Characterization of cellular convection of argon in top shield penetrations of pool type liquid metal fast reactors

Cellular convection of argon gas that takes place in narrow annuli of component penetrations in FBR top shield has been investigated. The 3-D CFD simulations have been validated against in-house experimental data. The circumferential temperature difference in the shells, which is a result of cellular convection is given special attention. Cellular convection is seen to be highly sensitive to geometric and thermal conditions. For Rayleigh numbers (Ra) less than ∼300, cellular convection effect is seen to be very weak. For Ra exceeding ∼3 × 108, natural convection is vigorous with insignificant circumferential temperature variations. In the intermediate range of Rayleigh numbers, cellular convection assumes great significance. The maximum circumferential temperature difference in the component shell is seen to occur at Ra ∼ 3 × 105, which corresponds to a gap width of 50 mm. The number of convective cells increases with decrease in gap width as well as increase in forced cooling. The circumferential temperature difference is found to be directly proportional to annulus height, suggesting significant incentives in adopting shorter penetration heights. However, the circumferential temperature difference is found to be a weak function of annulus diameter.
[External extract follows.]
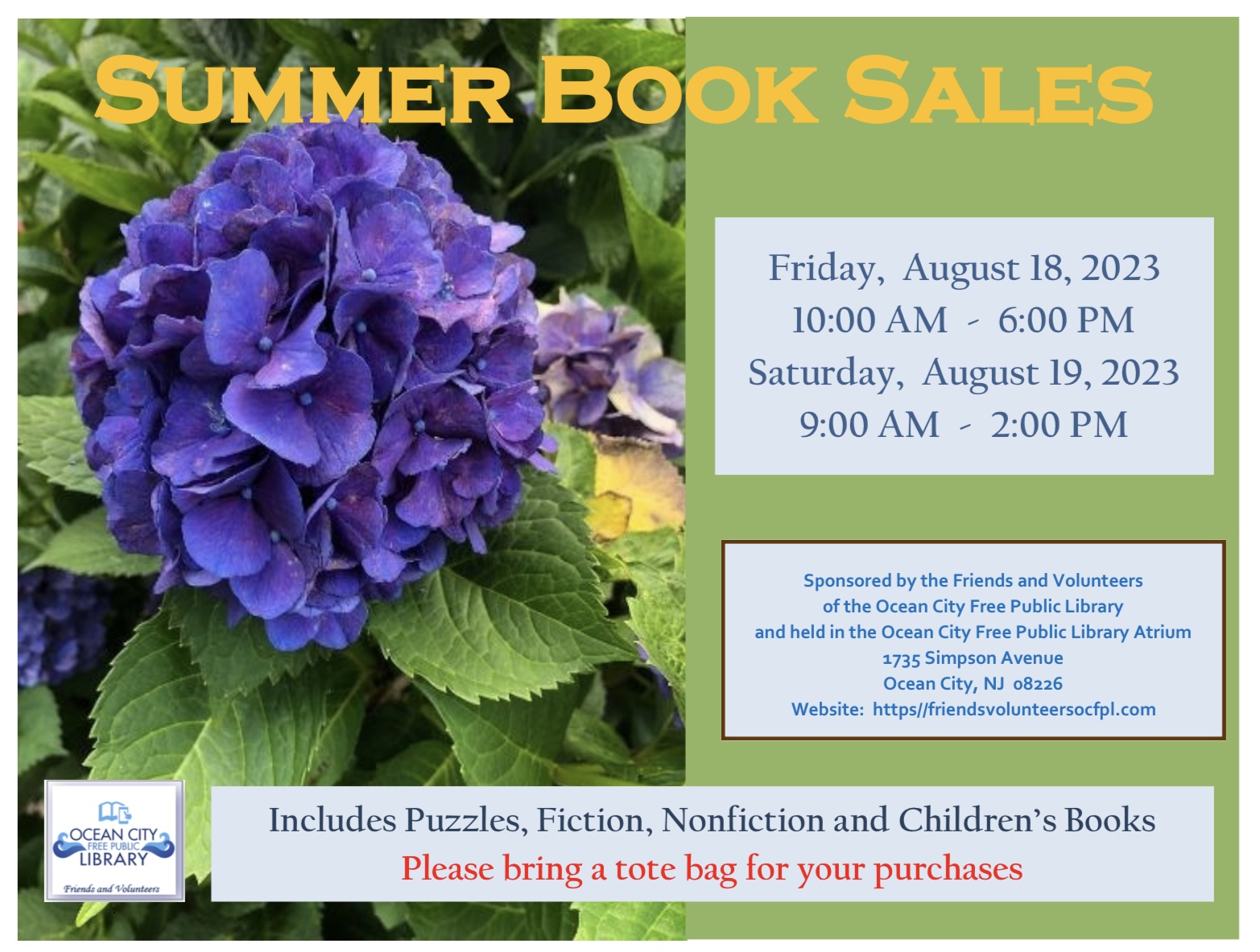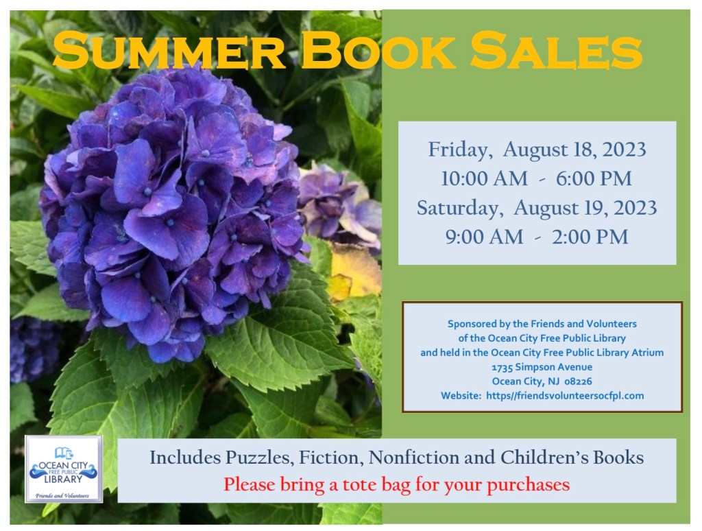 July 30, 2023 August Book Sale Leave a comment The final book sale of the summer will soon be here. You are welcome to browse and discover books of interest for every member of the family. Please bring cash and a tote bag for your treasures. Share this: Share on X (Opens in new window) X Share on Pinterest (Opens in new window) Pinterest Print (Opens in new window) Print Email a link to a friend (Opens in new window) Email Share on Facebook (Opens in new window) Facebook Like Loading... Related Posted by fvwebcreate in Post

The number of cells is unfavorably less in an eccentric annulus compared to a concentric annulus. Appropriate correlations have been proposed to determine the circumferential temperature difference and number of convective cells to serve as a guideline for thermal design of top shield of future FBR.

► We present characterization of cellular convection by 3-D CFD analysis.
► CFD model is validated against in-house experimental data.
► We bring out effects of geometric and process parameters on cellular convection.
► Correlations are developed to serve as guideline for design of FBR top shield.